Online child abuse in Canada up dramatically in pandemic
National tip line has seen 88 per cent increase in reports since last spring
In dark corners of the internet, child abusers are talking about how the pandemic is giving them new opportunities to blackmail, coerce and sexually manipulate children, according to the director of Canada’s national tip line.
As average screen time increased in the last year due to virtual learning and social isolation, authorities across the country say instances of children being sexually exploited online reached an unprecedented frequency.
Stephen Sauer, director of Cybertip.ca, which is operated by the Canadian Centre for Child Protection (C3P), said the site is getting approximately 300 reports of youth sexual exploitation on the internet a month, up 88 per cent since last spring.
Alberta law enforcement said its Internet Child Exploitation Unit undertook a record number of investigations in 2020, over 2,100, an increase of more than 50 per cent from the previous year.
And although the Toronto police Child Exploitation Section declined to provide specific numbers, acting Det. Sgt. Susan Burke said the increase in files received in the last year is “very large.”
As children are engaging with more online platforms now that in-person connection is infrequent or impossible, they’re ending up at sites with weak moderation standards regarding conversations between children and adults, and this creates opportunity for predators, Sauer said.
“We’ve seen conversations from offenders on the dark web talking about how the pandemic is letting them intersect with more youth,” he added.
He cited the website Omegle, which allows users to be paired with a random, anonymous video chat partner. One type of internet predator — called a “capper” — will stalk sites like it for children, then coerce them into performing sexual acts on camera, sharing the footage with the “offender community,” Sauer said.
Omegle is among the 1,000 most visited sites on the internet. At any given time, the chat site has around 50,000 active users.
Omegle does not provide means for direct contact with site administrators.
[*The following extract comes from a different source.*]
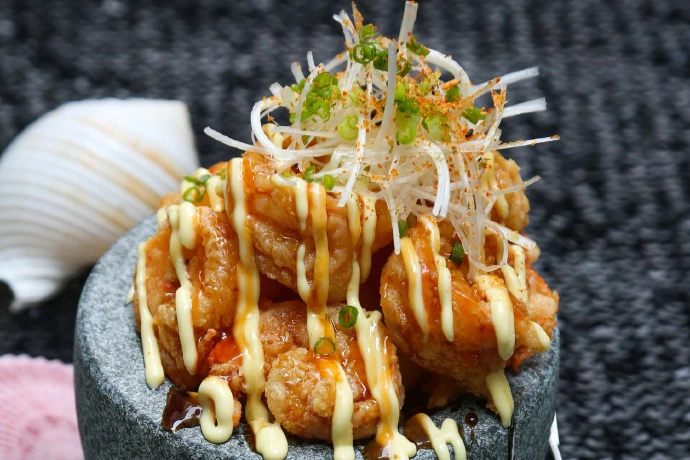 สำหรับในฉบับนี้เป็นกุ้งชุบแป้งทอดที่เอาวิธีทอดแบบฝรั่งมารับประทาน แต่เอามาราดซอสหลากหลาย ได้ไอเดียจากร้านอาหารญี่ปุ่นในอเมริกา ที่ผสมผสานเอาวิธีการชุบแป้งแห้งลงทอดจนกรอบเหลือง แป้งชุบทอดติดที่ชิ้นอาหารทะเลพอประมาณให้พอได้ความกรอบๆ มันๆ ก่อนที่จะราดด้วยมายองเนส ซอสโชยุหวาน ที่เรียก Nitsume Shoyu ซึ่งเป็นซอสที่มีโชยุหรือซีอิ๊วญี่ปุ่นเป็นพื้นฐานผสมกับน้ำตาลทราย มิริน สาเก และเพิ่มความหอมด้วยดาชิหรือปลาโอแห้งขูด ยังเพิ่มความแปลกสำหรับเราชาวเอเชียคือ ราดซอสพริกศรีราชาผสมลงไปด้วย ไม่ใช่เพียงเพื่อความสวยงามให้จานอาหารที่ดูเนื้อกุ้งกรอบๆ เคลือบด้วยซอส 3 สีดูฉ่ำแล้ว ยังช่วยให้รสชาติมีทั้งเค็มมันจากมายองเนส หวานๆ เค็มๆ จากซอสนิซึเมะและยังเปรี้ยวๆ เผ็ดๆ จากซอสพริก

Gandi SAS, the company under which the site’s domain is registered, provided the Star with contact information for the site’s owner, who did not return a request for comment.
This community isn’t just on the dark web.
A content moderator who removes rule-violating videos from a large porn site told the Star he’s had to delete “plenty” of illegally recorded “capper” videos and, despite recent efforts to purge non-professionally shot content, these videos remain on the site under verified accounts.
The moderator, who said a nondisclosure agreement prevents him from speaking on the record, estimated that capper videos made up 10 to 15 per cent of content flagged for removal by the porn site. “That’s thousands of videos per week,” he said.
“There needs to be more regulation in terms of the type of apps and tools and software that are available to children,” Sauer said. Anonymous chat sides can be “wide open, there’s no age restriction, no age verification, youth and adults are able to communicate. There needs to be more done to ensure children are safe in these spaces.”
Omegle does provide a monitored video section, but notes its moderation is not perfect and “You may still encounter people who misbehave.” To access an unmonitored video chat, a user only has to affirm they are at least 18 years old by clicking a button.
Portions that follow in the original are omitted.